Con una actuación lejos de mostrar su mejor fútbol pero con destellos de jerarquía, el Barcelona logró hoy un importante triunfo por 2-0 en casa del campeón alemán Stuttgart, con el cual se afianza en la fase de grupos de la Liga de Campeones europea.
Con el triunfo, Barcelona lidera el Grupo E con seis puntos, junto al Glasgow Rangers. Stuttgart y Olympique Lyon cierran la tabla con cero puntos.
Los goles en Stuttgart fueron de Carlos Puyol y del argentino Lionel Messi, ambos en la segunda parte, en un encuentro que tuvo momentos de gran calidad pero también pasajes monótonos.
El papel de Puyol fue sintomático para lo que fue el partido. Comenzó el encuentro en el banquillo, por el tributo que debía pagar después de tres meses de lesion. Pero a los seis minutos de juego, ya estaba adentro, en reemplazo del mexicano Rafa Márquez, que se resintió y sufrió una rotura fibrilar en el tendón de Aquiles.
Y Puyol apareció cuando el Barca más lo necesitaba, convirtiendo el primer gol cuando el Stuttgart estaba más cerca de la definición. Fue a los siete minutos de la segunda parte, cuando después de un tiro de esquina que conectó de cabeza Ronaldinho, Puyol reaccionó más rápido que todos en el rechazo y definió de zurda.
Sin embargo, poco después, Puyol viviría una nueva depresión, al volverse a lesionar. El entrenador Frank Rijkaard lo tuvo que sustituir por Sylvinho.
El partido significó además el regreso de Ronaldinho después de casi dos semanas ausente. Empezó moviendose y tocando bien, y antes de promediar la primera parte el Barcelona dominaba por completo el partido, con un Stuttgart completamente replegado a la espera de ser sentenciado.
Pero a pesar de toda la inspiración que ponía Ronaldinho, combinando con Messi en más de una oportunidad, y con Thierry Henry, el gol no llegaba. Porque se interponía el portero Rafael Sch„fer, el único que no parecía haberse quedado alelado por la gala barcelonista. El Barca estaba inspirado y se puso a jugar caminando.
La única oxigenación era algún contragolpe del Stuttgart hilvanado por las bandas, sobre todo por la izquierda, a través de Artur Boka, y buscando el cabezazo del centrodelantero Mario Gómez. La gran oportunidad, y por partida doble, vino al minuto 33. El primer intento de cabeza del hispano-alemán dio en el travesaño, y el rebote lo paró Víctor Valdés.
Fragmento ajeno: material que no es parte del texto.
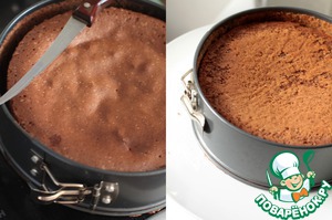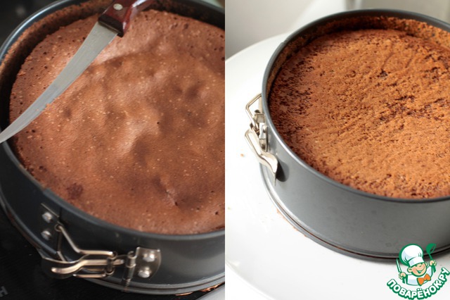 Готовый бисквит достаем, остужаем, даем немного отдохнуть и острым ножом проходимся по краям, чтобы бисквит не потрескался. Переворачиваем его на тарелку, оставляем в форме и отправляем остужаться.
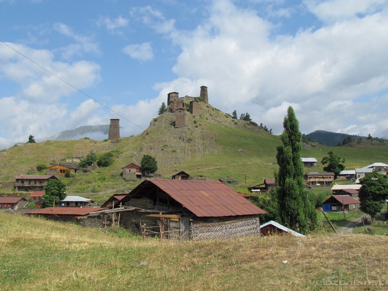 W nocy okazuje się ze kolacja jednak nie była dobra, bo pół nocy spędzam w toalecie. Rano nie jest lepiej, a oprócz mnie jeszcze trzy inne osoby tez cierpią na ból brzucha. Jeszcze mniej przyjemnie robi się przy pożegnaniu, gdy okazuje się ze cena za osobę wzrasta do 25 lari za osobę. Szkoda tylko ze właścicielka twierdzi że powodem jest osobna opłata za namiot i osobna za osobę, podczas gdy jej córka twierdzi ze to przez zjedzone przez nas dwa posiłki. Dziwne te dwie wersje, ale po długich negocjacjach w końcu staje na 20 GEL, ale atmosfera jest nieprzyjemna. W końcu około 10:00 ruszamy z plecakami ostro pod górę. Najpierw dochodzimy do starego Omalo, gdzie zwiedzamy twierdzę (wieże zrekonstruowane również przy udziale rządu Holandii), a następnie idziemy dalej.

El Stuttgart, que no puso de titular a su armador turco Yildiray Bastrk, se dio cuenta que podía hacer algo y se despertó. Fue la jugada que dio vuelta los estados de ánimos. Ronaldinho pareció haberse cansado de jugar y de que no llegara el gol y se despidió de la pelota, Messi le entró duro a Cacau y recibió la amarilla y de pronto, el único que tuvo ocasiones de gol fue el Stuttgart.
La mejor de ellas, cuando expiraba la primera parte. Nuevamente Valdés cacheteó una pelota de Gómez y en el rebote, el sueco Alexander Farnerud no atinó a definir sólo ante la portería.
El Barcelona regresó de los camarines un tanto asustado ante la creciente presión del campeón alemán. Hasta que llegó el gol de Puyol. La visita se tranquilizó, los locales se desinflaron, reconociendo que hasta ahí habían llegado sus recursos.
El gol de Messi, que definió una muy buena jugada de Henry, a los 22' del complemento, terminó de sellar el encuentro.
La nota que quedaba pendiente era saber si Rijkaard dejaba jugar el partido completo a un Ronaldinho que se fue apagando. No lo hizo, lo sacó por uno de sus "niños", el juvenil Bojan Krkic, a ocho minutos del final. Un gesto que le debe haber dolido mucho al brasileño.